143 Reade Street – New York 10013

143 Reade is a private gallery in a residential building in Tribeca.

 

“Blow Up”

Dike Blair
Carey Denniston
Shoshana Dentz
David Gilbert
Dario Robleto
Carrie Yamaoka

July 1 – September 30, 2013
By Appointment

In the classic 1966 Antonioni movie Blow-Up, a murder is inadvertently recorded on film by a fashion photographer while innocently taking pictures in a London park. At first glance the dramatic event is invisible to the naked eye but through the process of enlarging the background over and over, the presence of a gunman and victim are revealed.  Given the open ended structure of the film, the metaphor presented through the film’s narrative continues to inform discussions about the construction of meaning by a subject, emphasized by the photographer’s trust of the mechanical, representational memory of his camera over the non-representational memory of his own perceiving body.

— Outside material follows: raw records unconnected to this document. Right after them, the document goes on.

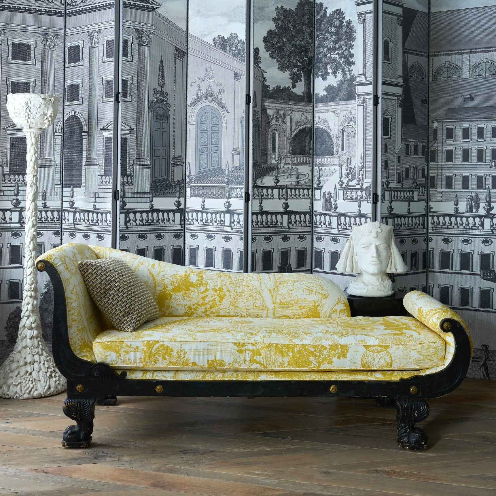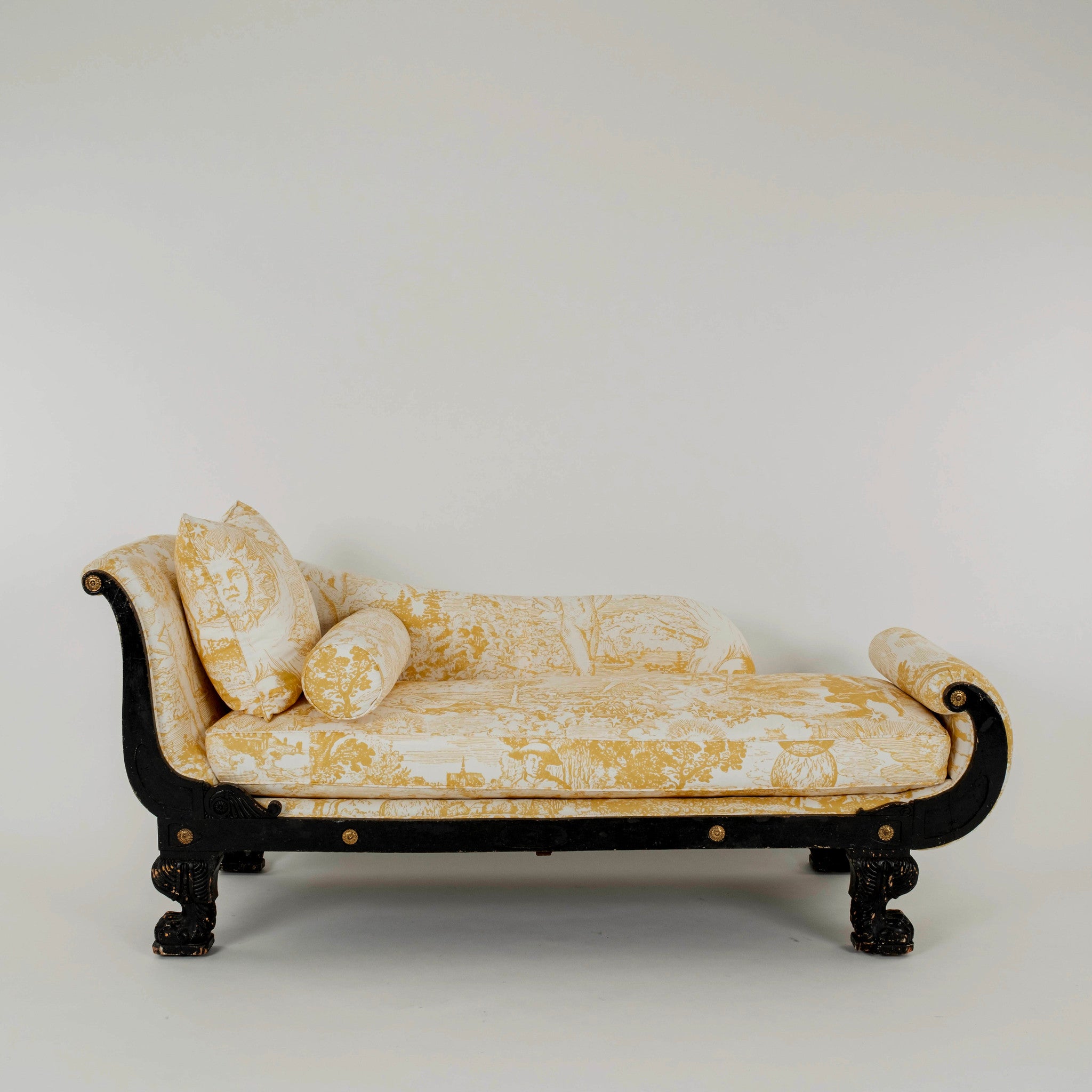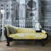19th Century Empire Johnson Hartig Libertine Yellow Modern Toile Chaise
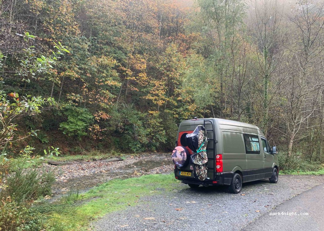 Nice little spot, there’s one flat spot which would for one van. Mine is 6m and was fine but took up nearly the whole spot. The coal mines are a short walk away which are really cool! Lovely right on the river and the road isn’t too busy. I stayed on a Friday&Saturday night with no problems.
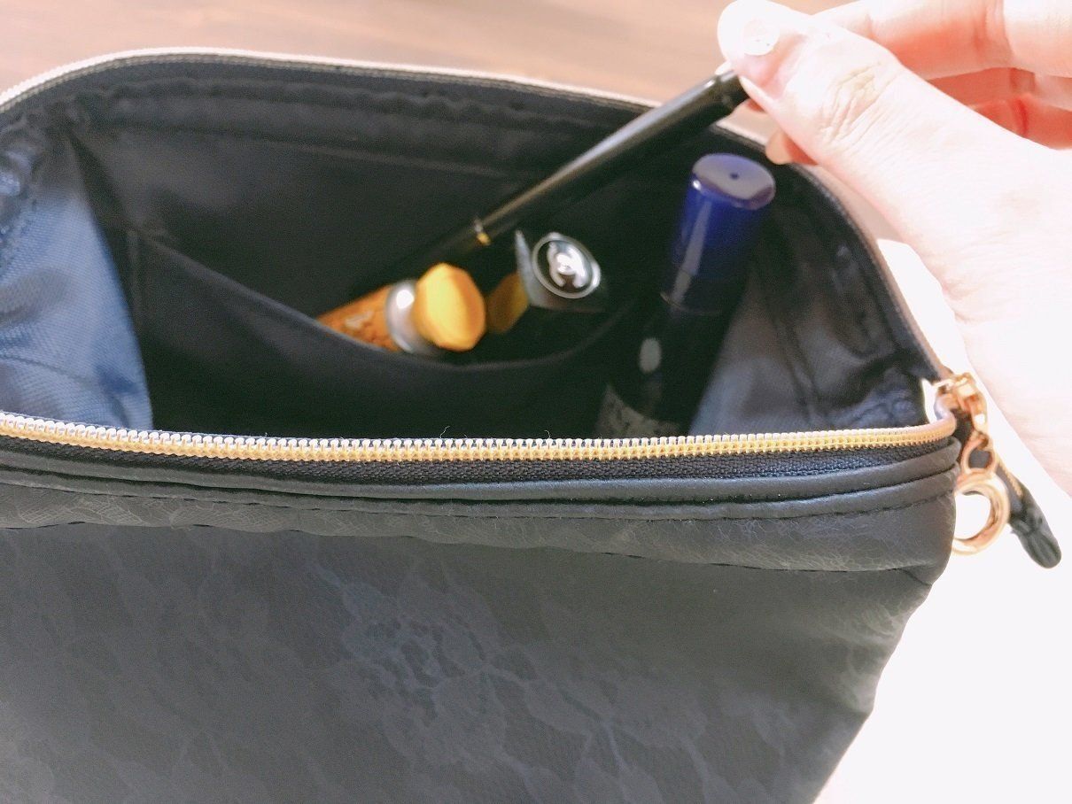 ポーチの中には内ポケットが1ヵ所あるので、細かいものはここに入れておけば、散らばることもありません。高さが11cmもあるので、リップやミニサイズのハンドクリームなどが立てて入れられるのも、うれしいポイント。
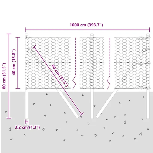 vidaXL Ogrodje s stebri Siva 0.4 x 10 m Jeklo s PVC premazom
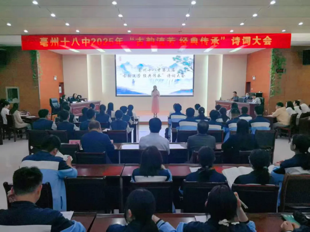 此次活动不仅搭建了师生展示才华的平台,更让经典诗词的魅力浸润校园。亳州十八中将继续以“古韵流芳·经典传承”为纽带,让优秀传统文化在新时代焕发新生机,激励全体师生以文化自信为帆,以经典传承为桨,在青春赛道上书写壮丽篇章。(供稿:于小龙)
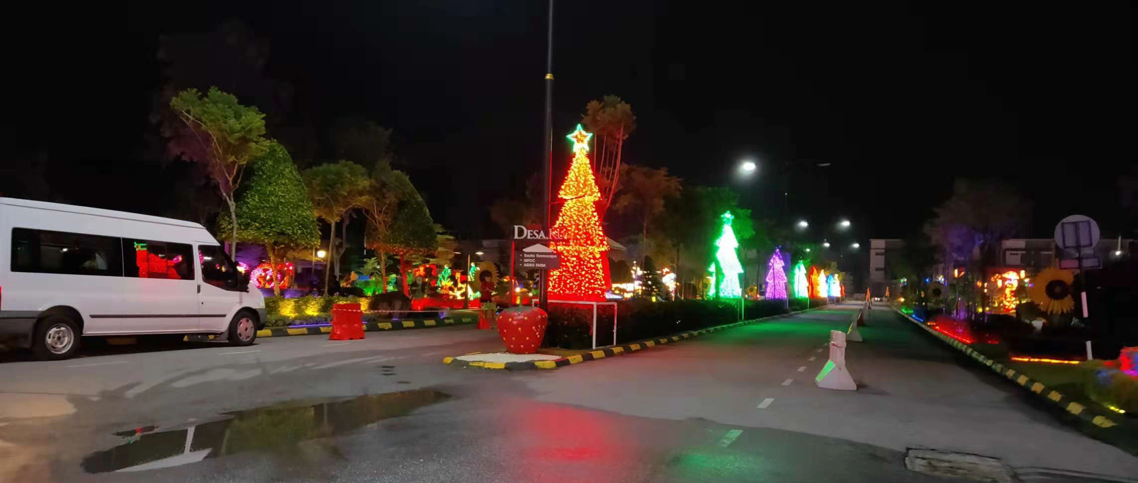 This project stands out due to its custom design that blends tropical elements with traditional Christmas themes. The lighting installations feature vibrant colors and unique designs such as Christmas trees, arches, and decorative lighting that reflect Malaysia’s tropical charm while embracing the festive atmosphere.
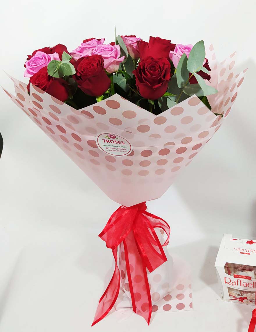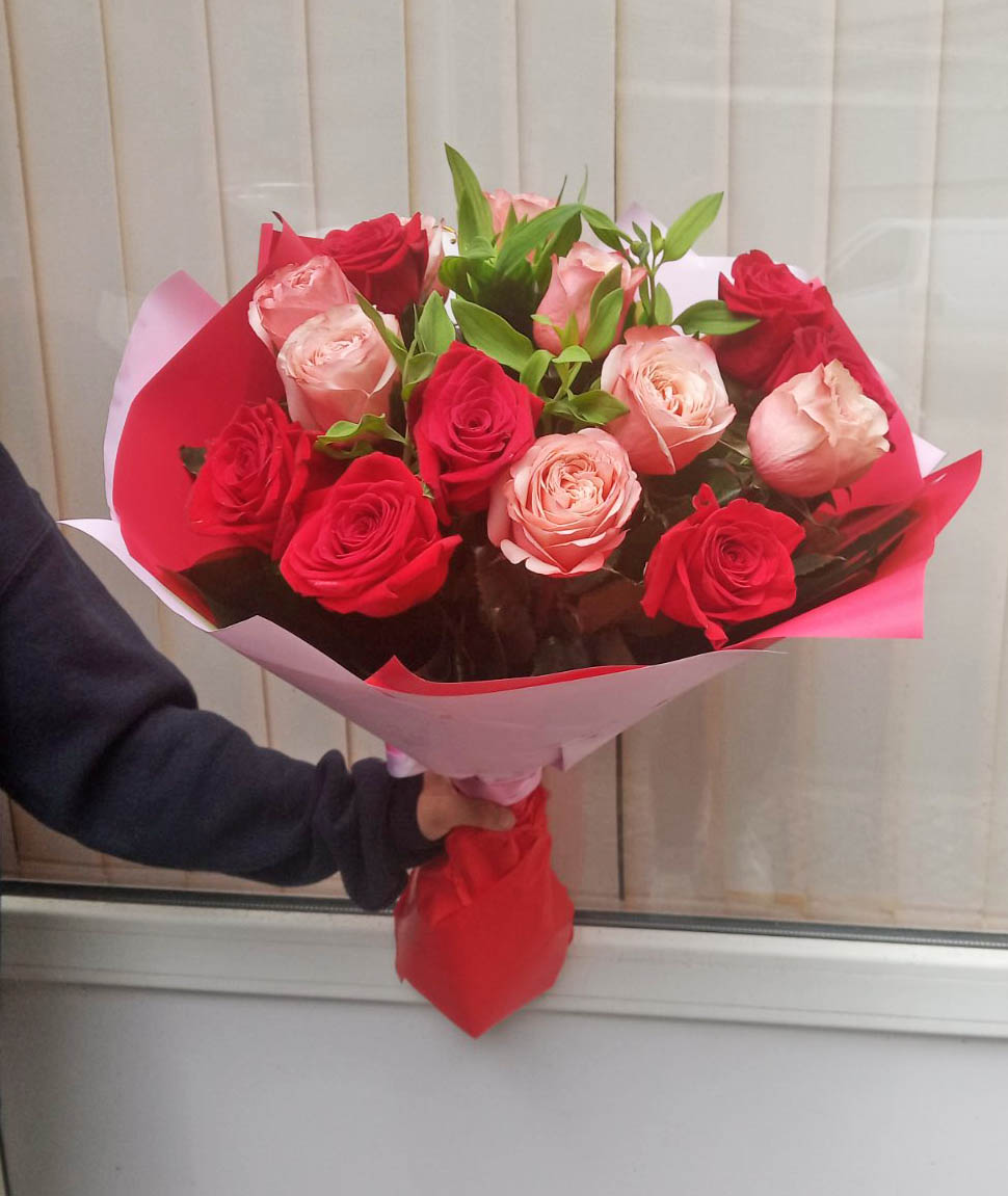 Our photo shows 51 Red & Pink Classic roses bouquet, but you might choose any other number.

There is no crime scene in the fourth exhibition organized by Lucien Terras at 143 Reade Street but a shared inquisitive attitude towards the process of representation and the perception of the represented. The six artists, through painting and photography, question the ideas of realism inherent to their practice and the act of looking itself.

Dike Blair presents gouaches and pencil on paper of windows opening to either a serene blue sky or a gray snowy outdoor. The compositions appear off-centered, as if it were at the periphery of another scene where the action is taking place. Their photo-realist quality brings the viewer back to his or her own similar experience of observation or quiet moments of contemplation.

Carey Denniston’s photographs, which are printed on both sides of the frame, are a close examination of the objects the artist encounters around her. Denniston uses her custom made frames to crop and partially conceal her images, further obscuring our observing of anything physical. Her work investigates notions of perception and interpretation as she diverts the viewer away from reading her photographs as being representational.

Shoshana Dentz’s small oil on canvas works are based on the close and prolonged observation of modest sculptural assemblages set on her studio table. Colors, textures, and distortions of perspective depart from traditional ideas of realism, a term that the artist prefers to figuration, by placing the process of scrutinizing details at the core of her practice.